Бог Авраама, Бог Исаака, Бог Иакова.

Нет философов и ученых.

Достоверность. Достоверность. Чувство. Мир.

...Радость, радость, радость, слезы радости.

...Разлучился с Ним.

Оставил меня, источник воды живой".

Обжигающие записи! Зашиты были в сюртук Паскаля, заныканы. Не предназначались для постороннего, чужого взгляда. Обнаружены случайно после смерти.

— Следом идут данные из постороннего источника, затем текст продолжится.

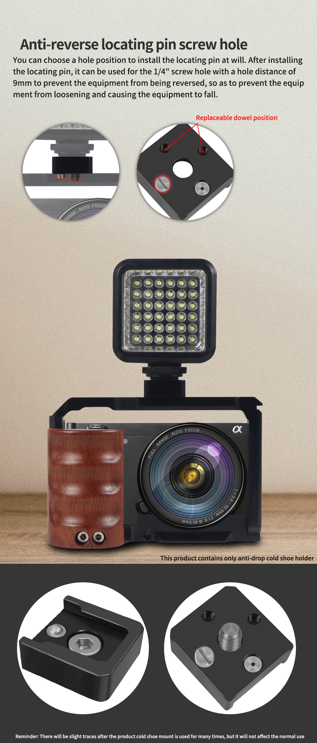 2. Есть 3 отверстия для винтов с защитой от обратного позиционирования с расстоянием между отверстиями 9 мм вокруг винта 1/4. После установки установочного штифта его можно использовать для 2 отверстий под винты 1/4 с расстоянием между отверстиями 9 мм, чтобы предотвратить обратное вращение и предотвратить ослабление оборудования и его падение.

Спустя время, будучи уже взрослым, большим (уже в хрущевское время), я намекнул о своих чрезвычайных переживаниях на Красной площади в разговоре с одной очень умной, трезвой, интеллигентной женщиной, а она вдруг, непристойно покраснев, потупив глаза, доверительно поведала мне, что испытала нечто схожее, похожее, близкое, но, "как женщина". Тут же сообщила, что ее ближайшая приятельница, "очень интеллигентная женщина", после одного такого восторженного экстаза на Красной площади отказалась делить с мужем супружеское ложе, прогнала несчастного бедолагу, обозвав "грубым животным", а он-то ни сном, ни духом не ведал, что же такое случилось, в чем же он так провинился, чем прогневил обожаемую женщину, нежную супругу. Потом она спала на раскладушке, жила воспоминаниями о встрече, надеждой на новую, превратилась, если так можно выразиться, в мистическую супругу Сталина. Не хочу на эту тему распространяться. Может быть, испорченный телефон, не все так просто. Да и плохо представляю потенции, парадоксы и хитрости женской психики, женского организма. Одно добавлю, что полученного эмоционального заряда хватало ей с лихвой до следующего праздника, а о сюрреалистических последствиях удара и экстаза не буду распространяться.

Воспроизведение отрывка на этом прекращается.